What is the basis on flip-flops replaced by a latch [FPGA]

Prev: Multple architectures in ISE top level module?
Next: QDRII on StratixIII pinout strangeness

From: Weng Tianxiang on 11 Feb 2010 15:05

Hi,
I finally understand the reason when a flip-flops can be replaced by a
latch.

Here is the excerpt from the paper "Atom Processor Core Made FPGA
Synthesizable"
Optimized for a frequency range from 800MHz to 1.86Ghz,
the original Atom design makes extensive use of latches
to support time borrowing along the critical timing paths.
With level-sensitive latches, a signal may have a delay larger
than the clock period and may flush through the latches
without causing incorrect data propagation, whereas the delay
of a signal in designs with edge-triggered flip-flops must
be smaller than the clock period to ensure the correctness of
data propagation across flip-flop stages [3]. It is well known
that the static timing analysis of latch-based pipeline designs
with level-sensitive latches is challenging due to two
salient characteristics of time borrowing [2, 3, 14]: (1) a
delay in one pipeline stage depends on the delays in the previous
pipeline stage. (2) in a pipeline design, not only do
the longest and shortest delays from a primary input to a
primary output need to be propagated through the pipeline
stages, but also the critical probabilities that the delays on
latches violate setup-time and hold-time constraints. Such
high dependency across the pipeline stages makes it very
difficult to gauge the impact of correlations among delay
random variables, especially the correlations resulting from
reconvergent fanouts. Due to this innate difficulty, synthesis
tools like DC-FPGA simply do not support latch analysis
and synthesis correctly."

In short, a pipeline with several FFs can be replaced with a pipeline
with two FFs in the ends and normal latches inserted between them to
steal time slack.

FF1 ---> FF2 ---> FF3 ---> FF4
FF1 ------->l2 --------> l3--> FF4.

I saw the circuits before, but not realized what the basic reason was.
With the above paper, I now know that the technology is not a new, it
originated in 1980s.

Weng

From: Patrick Maupin on 11 Feb 2010 20:33

Yes, latch-based design is much older than flop-based design, for the
simple reason that it can be cheaper.
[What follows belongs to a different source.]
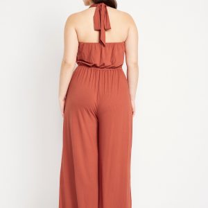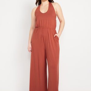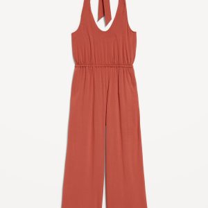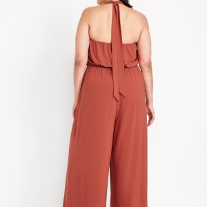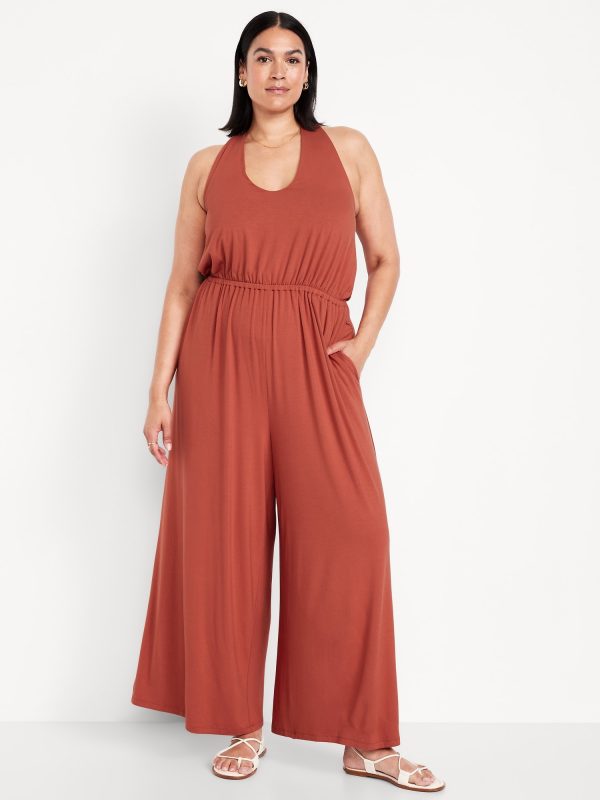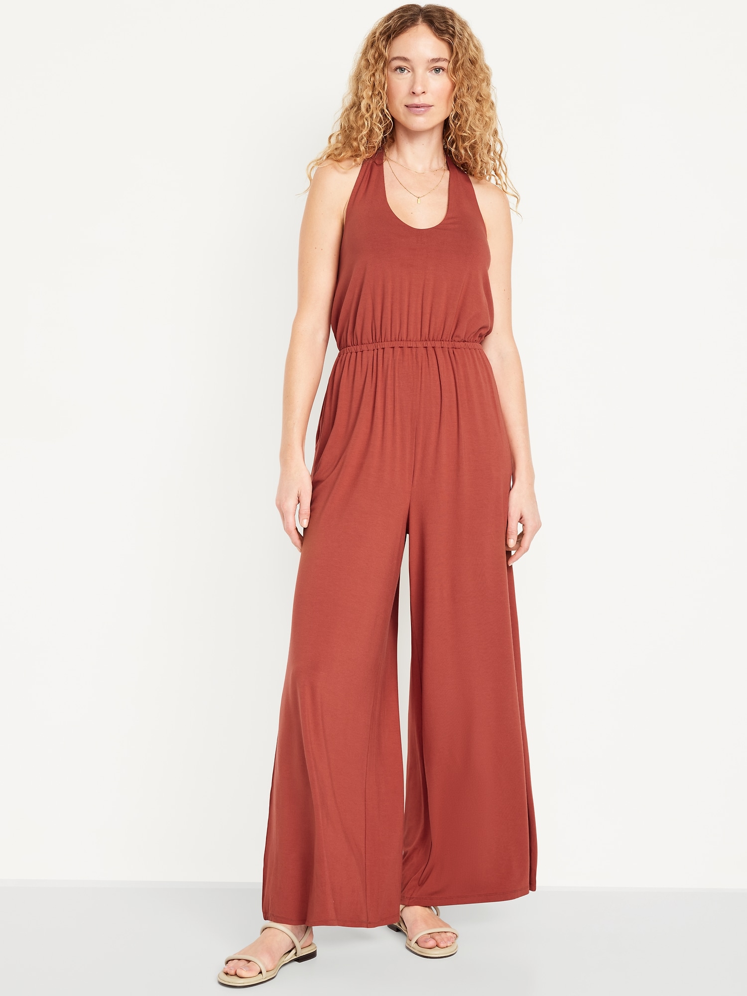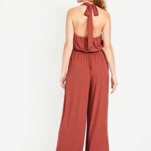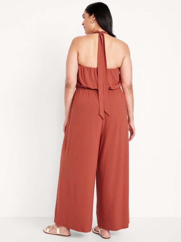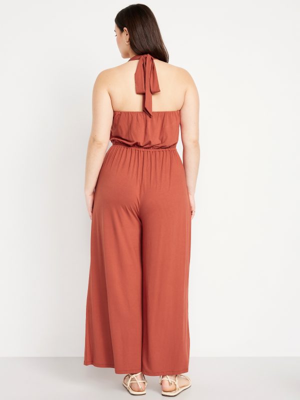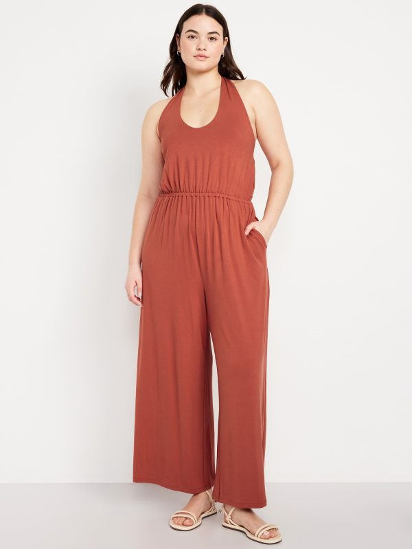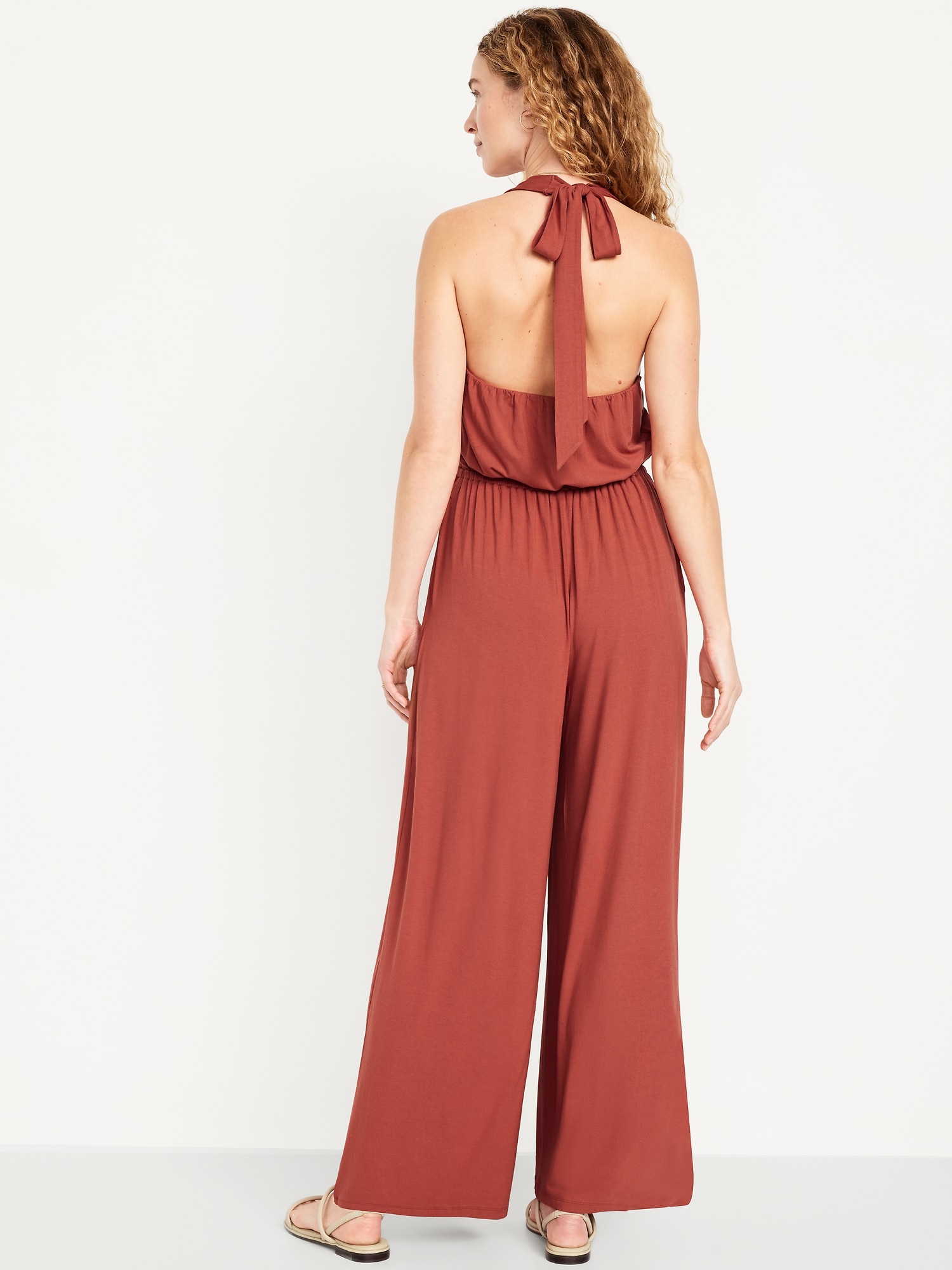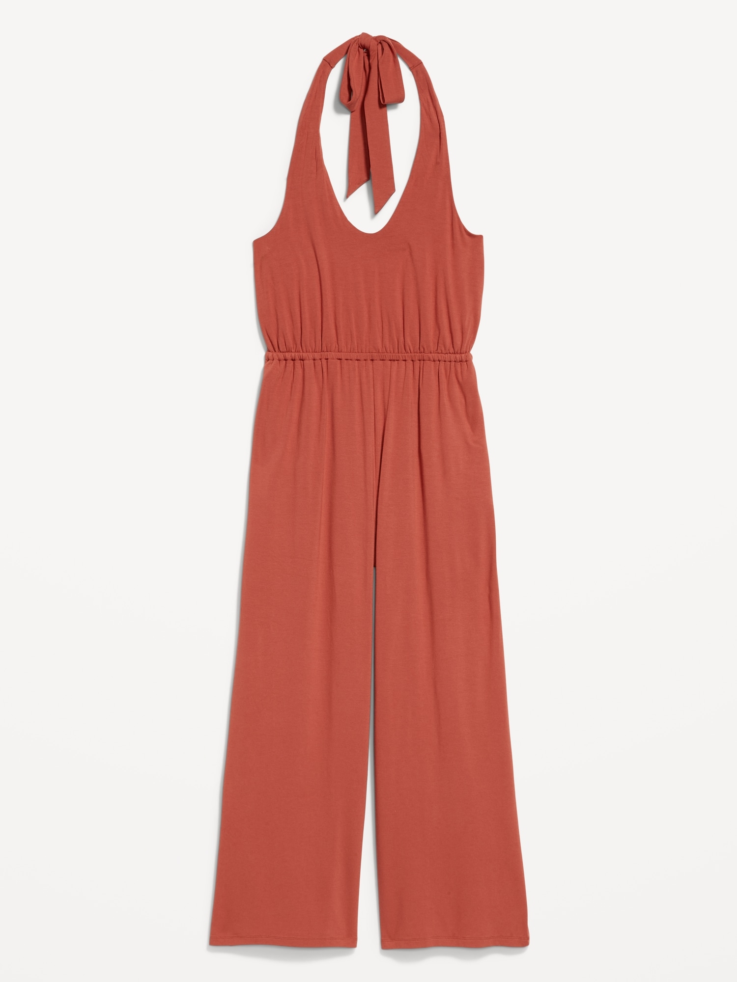 Waist-Defined Halter Jumpsuit: scoop neck, tie-back halter straps, shirred elastic waist, wide leg, #705487

Think about it -- every flop is
really two latches! (At least for static designs that can be clocked
down to DC...) Where I work (at a chip company), we're still
occasionally converting latch-based designs into flop-based ones.

But (and this is a big but) FPGAs themselves (not just the design
tools) are designed for flop-based design, so if you use latch-based
designs with FPGAs you are not only stressing the timing tools, you
are also avoiding the nice, packaged, back-to-back dedicated latches
they give you called flops.

Pat

On Feb 11, 2:05 pm, Weng Tianxiang <wtx...(a)gmail.com> wrote:
> Hi,
> I finally understand the reason when a flip-flops can be replaced by a
> latch.
>
> Here is the excerpt from the paper "Atom Processor Core Made FPGA
> Synthesizable"
> Optimized for a frequency range from 800MHz to 1.86Ghz,
> the original Atom design makes extensive use of latches
> to support time borrowing along the critical timing paths.
> With level-sensitive latches, a signal may have a delay larger
> than the clock period and may flush through the latches
> without causing incorrect data propagation, whereas the delay
> of a signal in designs with edge-triggered flip-flops must
> be smaller than the clock period to ensure the correctness of
> data propagation across flip-flop stages [3]. It is well known
> that the static timing analysis of latch-based pipeline designs
> with level-sensitive latches is challenging due to two
> salient characteristics of time borrowing [2, 3, 14]: (1) a
> delay in one pipeline stage depends on the delays in the previous
> pipeline stage. (2) in a pipeline design, not only do
> the longest and shortest delays from a primary input to a
> primary output need to be propagated through the pipeline
> stages, but also the critical probabilities that the delays on
> latches violate setup-time and hold-time constraints. Such
> high dependency across the pipeline stages makes it very
> difficult to gauge the impact of correlations among delay
> random variables, especially the correlations resulting from
> reconvergent fanouts. Due to this innate difficulty, synthesis
> tools like DC-FPGA simply do not support latch analysis
> and synthesis correctly."
>
> In short, a pipeline with several FFs can be replaced with a pipeline
> with two FFs in the ends and normal latches inserted between them to
> steal time slack.
>
> FF1 ---> FF2 ---> FF3 ---> FF4
> FF1 ------->l2 --------> l3--> FF4.
>
> I saw the circuits before, but not realized what the basic reason was.
> With the above paper, I now know that the technology is not a new, it
> originated in 1980s.
>
> Weng

From: glen herrmannsfeldt on 11 Feb 2010 21:33

In comp.arch.fpga Patrick Maupin <pmaupin(a)gmail.com> wrote:

> Yes, latch-based design is much older than flop-based design, for the
> simple reason that it can be cheaper. Think about it -- every flop is
> really two latches! (At least for static designs that can be clocked
> down to DC...) Where I work (at a chip company), we're still
> occasionally converting latch-based designs into flop-based ones.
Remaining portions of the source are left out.